Dataset excerpts
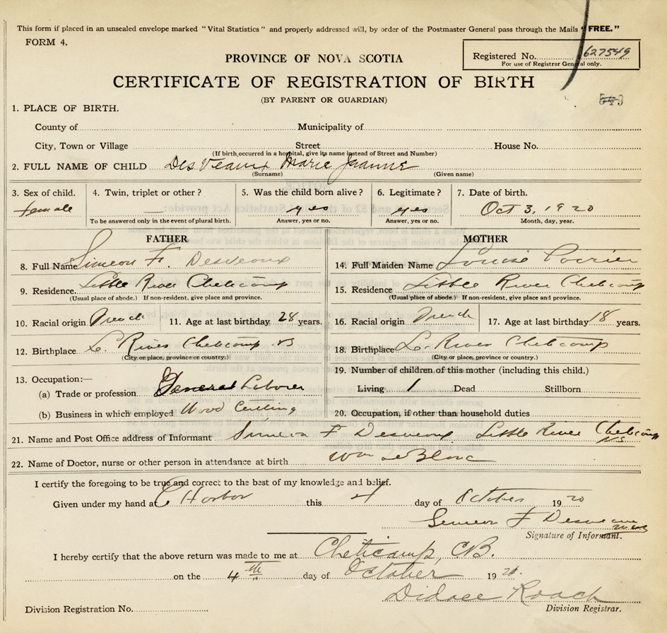 21. Name and Post Office address of Informant Simeon F. Desveaux Little River, Cheticamp
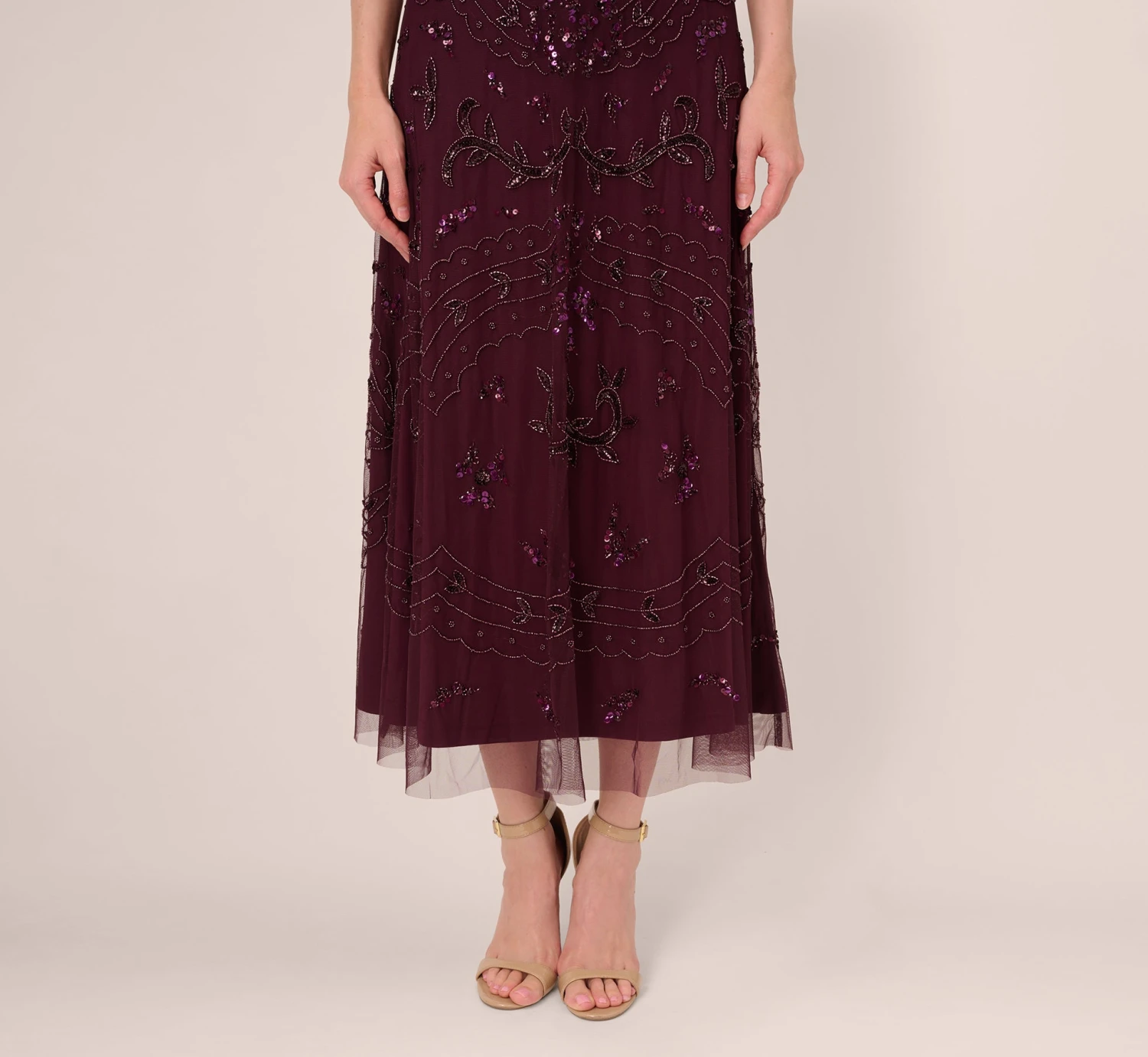 Be party ready in an instant in our effortlessly chic dress that gets treated to allover dazzling hand beadwork. Details we love: the clean v-neckline with sheer trim and the soft pleats along the skirt for added movement and sway. Wearable on repeat to all your special occasions.
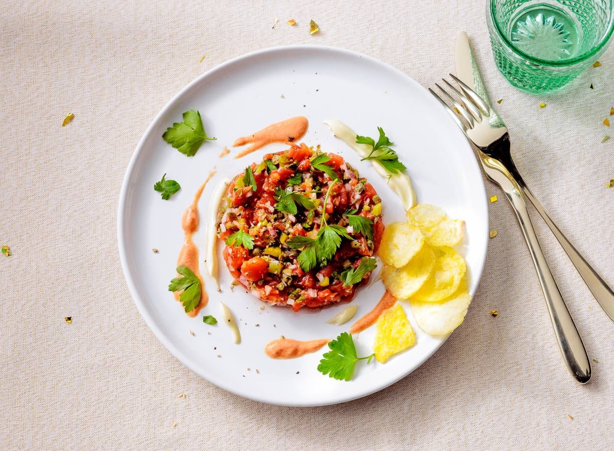 Gepelde tomaten maken een perfecte vegaversie van steak tartaar, zeker met deze klassieke smaakmakers erdoor wordt het een fijn voorgerecht.
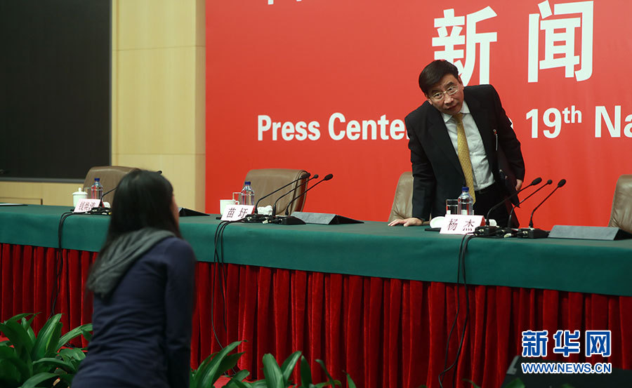 10月19日,十九大新聞中心舉辦集體采訪,邀請工信和通訊領(lǐng)域代表談走新型工業(yè)化道路。圖為集體采訪活動(dòng)現(xiàn)場。新華網(wǎng) 郝廣鵬攝
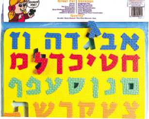 Foam Hebrew puzzles do double duty in the bath: they stick to the sides of a wet tub and introduce the aleph bet. Pick the ones with a smooth texture on the back, so you don’t place the letters backwards. This tactile clue is handy for kids and adults who are learning. (Plus, you can use them as rubber stamps and tracing forms.)
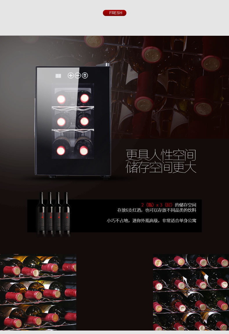 JC-16 소형 반도체 온도조절 와인 캐비닛 6병 미니 소형 와인 캐비닛 수출용 110V스토어 가기
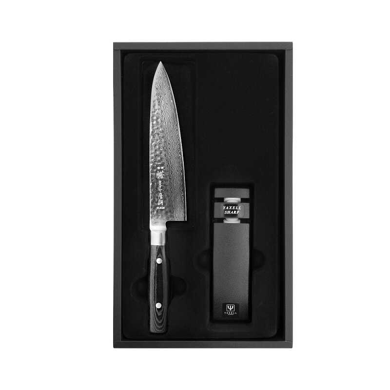 | Подробная комплектация : | Набор, из кухонного ножа с точилкой, серия ZEN (37 слоев), дамасская сталь, Yaxell, Япония В набор входят: 1. Нож кухонный Шеф 20 см 2. Точилка для ножей |
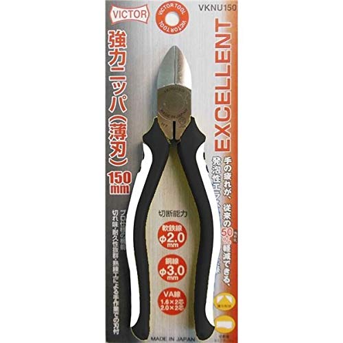 - ●型番VKNU150 ●ご注意事項 ・この商品は下記内容×10セットでお届けします。 ・パンフレット画像に記載の「入数」はあくまでパンフレット上の表記であり、実際のお届け個数とは異なります。 プロ仕様の機能!切れ味・耐久性抜群・熟練工による手作業での刃付け!薄刃!銅線・VA線・軟鋼線等の切断に最適。●切断能力 鉄線φ2.0/銅線φ3.0/VA線 φ1.6x2芯・φ2.0x2芯各種径の表記まで切断可能 ●H169mmxW53mm
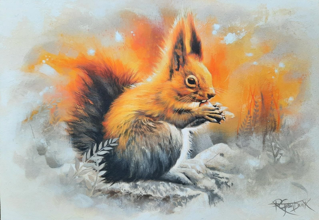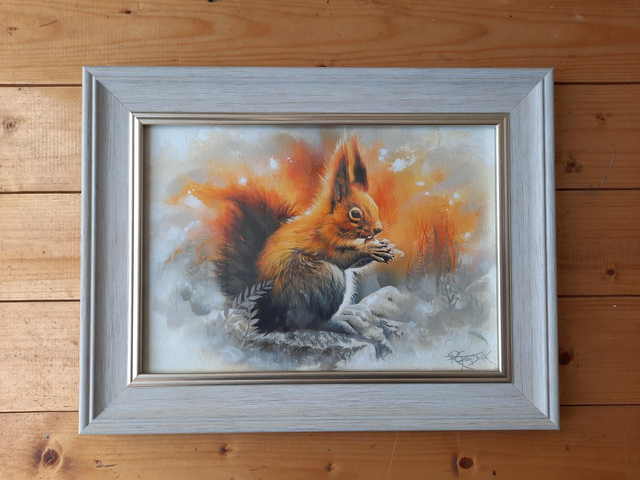 A Ltd Edition giclee print taken from my original painting of a red squirrel called The Nutter. Printed on Hahhnemule Paper using archival inks, the print is 29.7x21cm and mounted in white, backed and wrapped in cellophane.
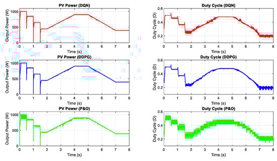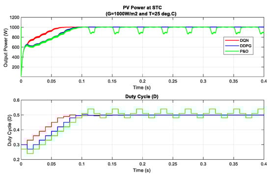 In the following part, the first set of simulations under standard test condition (STC, G = 1000 and T = 15 °C) are carried out to validate the implementation and evaluate the DRL-based MPPT controllers under different operating conditions. In this scenario, the performances of two proposed methods are tested under a standardized operating condition, as well as being compared with traditional MPP tracking method P&O. The simulated results of this scenario are illustrated in Figure 6. As can be seen in the figure, the MPP is tracked after just about 0.07 s for the DQN-based method, while DDPG and P&O almost get the same tracking speed. On the other hand, DQN and DDPG methods are more stable. As the P&O method has oscillation with high magnitude, the two proposed methods perform with a constant duty cycle at about 0.5, which results in the low oscillation of the P–V curve. Based on the results in this scenario, the power tracking efficiency of DQN and DDPG methods increases with the values of about 5.83% and 3.21%, respectively, when compared to that of the P&O method.
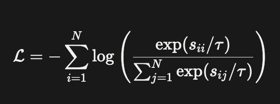 where τ is a hyper-parameter indicating temperature. Minimizing this loss function pushes each query qiq_i qi to have a large dot product with its matching did_i di relative to all other djd_j dj.

_WORK REQUIRED_
Output nothing but the records above, word for word, with the pictures removed.

_RESULT FOR THIS EXERCISE_
 21. Name and Post Office address of Informant Simeon F. Desveaux Little River, Cheticamp
 Be party ready in an instant in our effortlessly chic dress that gets treated to allover dazzling hand beadwork. Details we love: the clean v-neckline with sheer trim and the soft pleats along the skirt for added movement and sway. Wearable on repeat to all your special occasions.
 Gepelde tomaten maken een perfecte vegaversie van steak tartaar, zeker met deze klassieke smaakmakers erdoor wordt het een fijn voorgerecht.
 10月19日,十九大新聞中心舉辦集體采訪,邀請工信和通訊領(lǐng)域代表談走新型工業(yè)化道路。圖為集體采訪活動(dòng)現(xiàn)場。新華網(wǎng) 郝廣鵬攝
 Foam Hebrew puzzles do double duty in the bath: they stick to the sides of a wet tub and introduce the aleph bet. Pick the ones with a smooth texture on the back, so you don’t place the letters backwards. This tactile clue is handy for kids and adults who are learning. (Plus, you can use them as rubber stamps and tracing forms.)
 JC-16 소형 반도체 온도조절 와인 캐비닛 6병 미니 소형 와인 캐비닛 수출용 110V스토어 가기
 | Подробная комплектация : | Набор, из кухонного ножа с точилкой, серия ZEN (37 слоев), дамасская сталь, Yaxell, Япония В набор входят: 1. Нож кухонный Шеф 20 см 2. Точилка для ножей |
 - ●型番VKNU150 ●ご注意事項 ・この商品は下記内容×10セットでお届けします。 ・パンフレット画像に記載の「入数」はあくまでパンフレット上の表記であり、実際のお届け個数とは異なります。 プロ仕様の機能!切れ味・耐久性抜群・熟練工による手作業での刃付け!薄刃!銅線・VA線・軟鋼線等の切断に最適。●切断能力 鉄線φ2.0/銅線φ3.0/VA線 φ1.6x2芯・φ2.0x2芯各種径の表記まで切断可能 ●H169mmxW53mm
 A Ltd Edition giclee print taken from my original painting of a red squirrel called The Nutter. Printed on Hahhnemule Paper using archival inks, the print is 29.7x21cm and mounted in white, backed and wrapped in cellophane.
 In the following part, the first set of simulations under standard test condition (STC, G = 1000 and T = 15 °C) are carried out to validate the implementation and evaluate the DRL-based MPPT controllers under different operating conditions. In this scenario, the performances of two proposed methods are tested under a standardized operating condition, as well as being compared with traditional MPP tracking method P&O. The simulated results of this scenario are illustrated in Figure 6. As can be seen in the figure, the MPP is tracked after just about 0.07 s for the DQN-based method, while DDPG and P&O almost get the same tracking speed. On the other hand, DQN and DDPG methods are more stable. As the P&O method has oscillation with high magnitude, the two proposed methods perform with a constant duty cycle at about 0.5, which results in the low oscillation of the P–V curve. Based on the results in this scenario, the power tracking efficiency of DQN and DDPG methods increases with the values of about 5.83% and 3.21%, respectively, when compared to that of the P&O method.
 where τ is a hyper-parameter indicating temperature. Minimizing this loss function pushes each query qiq_i qi to have a large dot product with its matching did_i di relative to all other djd_j dj.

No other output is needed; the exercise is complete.